◆ Data shown:
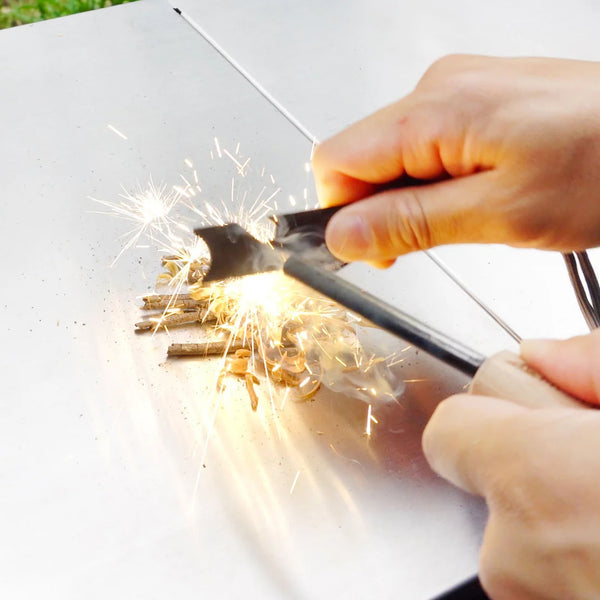 シュッと一瞬で火花を起こす、『火打石』のようなファイヤースターター。程よい長さで、初心者の方やお子様でも火をおこすことが可能です。
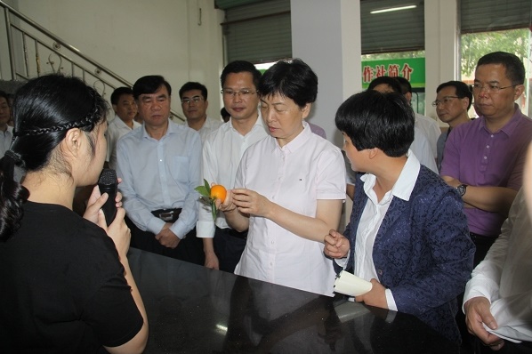 项目扶贫是产业扶贫的重要形式,也是供销合作社扶贫工作的突出特点。调研期间,王侠先后来到九龙果业专业合作社、中国供销赣南脐橙交易中心了解情况。九龙果业专业合作社是安远县安圣达果业有限公司下属农民专业合作社,安远县供销合作社入股领办,主营脐橙、蜜桔、猕猴桃等农产品的种植、加工、冷藏、销售业务。2015年,总社安排600万元项目资金支持其产销对接项目,利用合作社的加工、销售优势,收购贫困户种植的猕猴桃,建设生产基地2000余亩,带动周边农户1400多户,实现户年均增收1050元,解决了贫困户的销售难题,成为产业扶贫的模范。王侠强调,九龙果业专业合作社立足于当地产业基础好的优势,在做好传统脐橙销售的基础上,引进猕猴桃品种,通过优化种植结构,促进社员销售收入大幅增长,这个做法值得肯定。王侠指出,项目扶贫就是要选择产业基础好、带动农户能力强、发展前景好的产业,对接带动建档立卡贫困农户,让有限的资金发挥最大的功效。
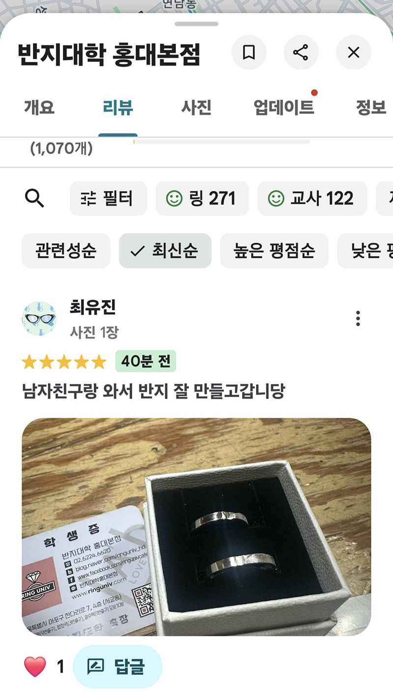 모든 검색창에 [반지대학 홍대본점] 검색해 보세요~
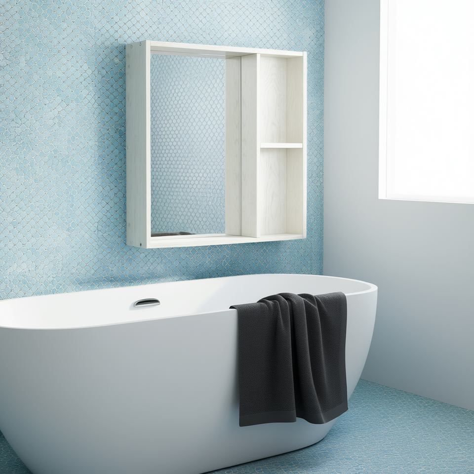 Armadietto Portamedicinali da Parete Bianco 24.75x25.5 Pollici con Specchio e Ripiano Portaoggetti per Bagno
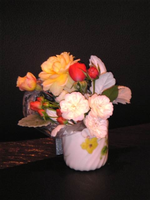お庭に咲いていたバラをお土産に頂きました花は好きですが、バラは管理が大変なのを聞いているだけに自分では育てられないと思っています。それだけに、こうして頂くと愛情たっぷりに育てたのが感じられて感動ものです
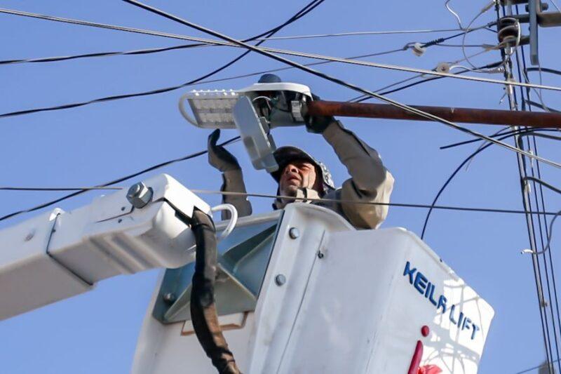 La Dirección de Servicios Públicos continúa avanzando en la renovación del alumbrado público en la zona urbana, con trabajos que se realizan de manera constante durante el día, como se aprecia en las labores de instalación y reemplazo de luminarias en distintos sectores del municipio.
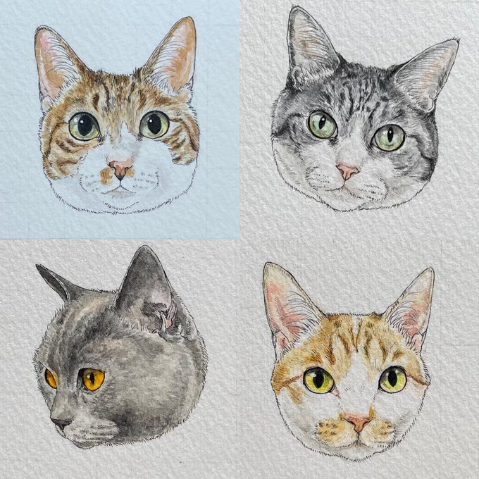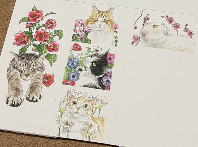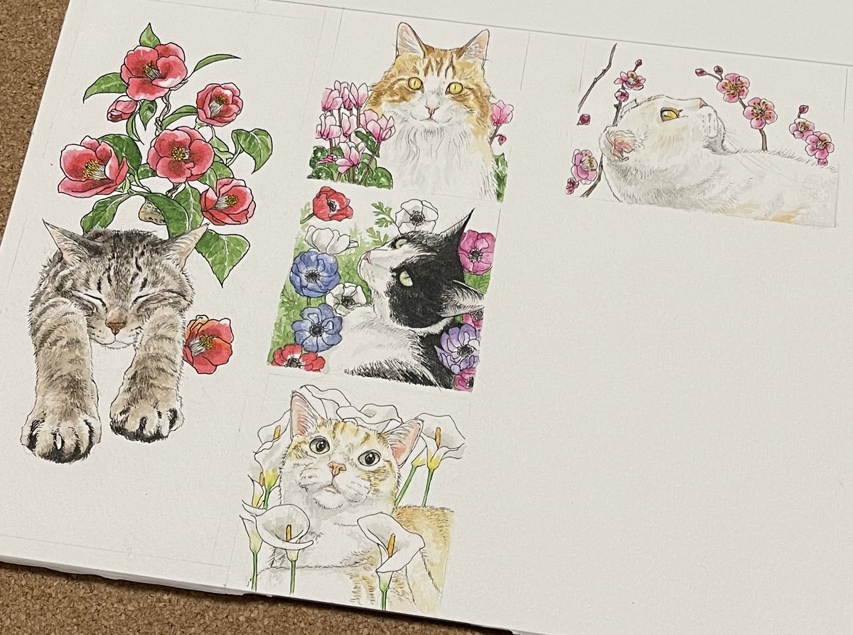 4 20 ミニ原画6点、最後の絵が陽が沈む前に終わらず〜😂 1日に塗った数では最多でした(笑) 日の光の元で写真撮りたいので、ツイートは明日以降に順次🤲 過去に描いた1点をプラスして、7点をミニ原画展に出します! #水彩画 #猫イラスト 23/01/03 21:26
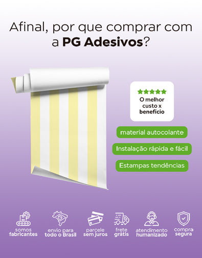 Garantimos que os nossos produtos cheguem em perfeito estado para você.Nossos adesivos são vendidos em rolos, com largura fixa de 50 cm. Oferecemos diversas opções de altura para se adequar às suas especificações. Precisa de ajuda? Chama nossos especialistas no whatsapp: 11 95784-2305
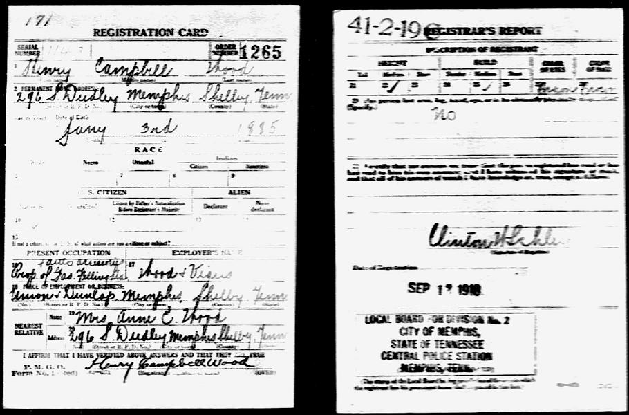 Henry Campbell Wood (1855-1951), World War I Draft Registration
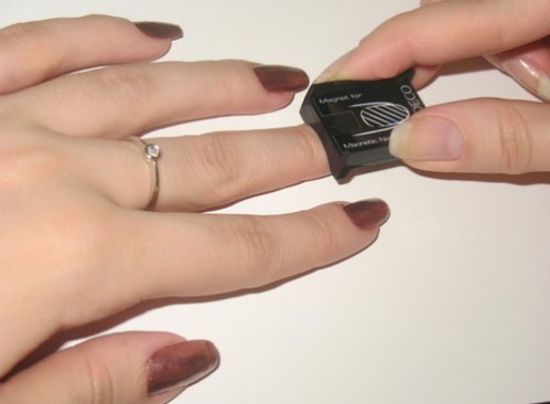 Пользоваться магнитными лаками нетрудно. Наносим на ноготь, прикладываем пластинку – и все готово. Только ноготки покрываем лаком аккуратно – вот и все требования. Накладываем вначале один слой, более тонкий, затем, немного погодя, наносим второй.

◆ Work request: Only the lines from the start of the records to the line with "お庭に咲いていたバラをお土産" belong in the copy. Print them exactly, minus pictures.

◆ Exercise answer:
 シュッと一瞬で火花を起こす、『火打石』のようなファイヤースターター。程よい長さで、初心者の方やお子様でも火をおこすことが可能です。
 项目扶贫是产业扶贫的重要形式,也是供销合作社扶贫工作的突出特点。调研期间,王侠先后来到九龙果业专业合作社、中国供销赣南脐橙交易中心了解情况。九龙果业专业合作社是安远县安圣达果业有限公司下属农民专业合作社,安远县供销合作社入股领办,主营脐橙、蜜桔、猕猴桃等农产品的种植、加工、冷藏、销售业务。2015年,总社安排600万元项目资金支持其产销对接项目,利用合作社的加工、销售优势,收购贫困户种植的猕猴桃,建设生产基地2000余亩,带动周边农户1400多户,实现户年均增收1050元,解决了贫困户的销售难题,成为产业扶贫的模范。王侠强调,九龙果业专业合作社立足于当地产业基础好的优势,在做好传统脐橙销售的基础上,引进猕猴桃品种,通过优化种植结构,促进社员销售收入大幅增长,这个做法值得肯定。王侠指出,项目扶贫就是要选择产业基础好、带动农户能力强、发展前景好的产业,对接带动建档立卡贫困农户,让有限的资金发挥最大的功效。
 모든 검색창에 [반지대학 홍대본점] 검색해 보세요~
 Armadietto Portamedicinali da Parete Bianco 24.75x25.5 Pollici con Specchio e Ripiano Portaoggetti per Bagno
お庭に咲いていたバラをお土産に頂きました花は好きですが、バラは管理が大変なのを聞いているだけに自分では育てられないと思っています。それだけに、こうして頂くと愛情たっぷりに育てたのが感じられて感動ものです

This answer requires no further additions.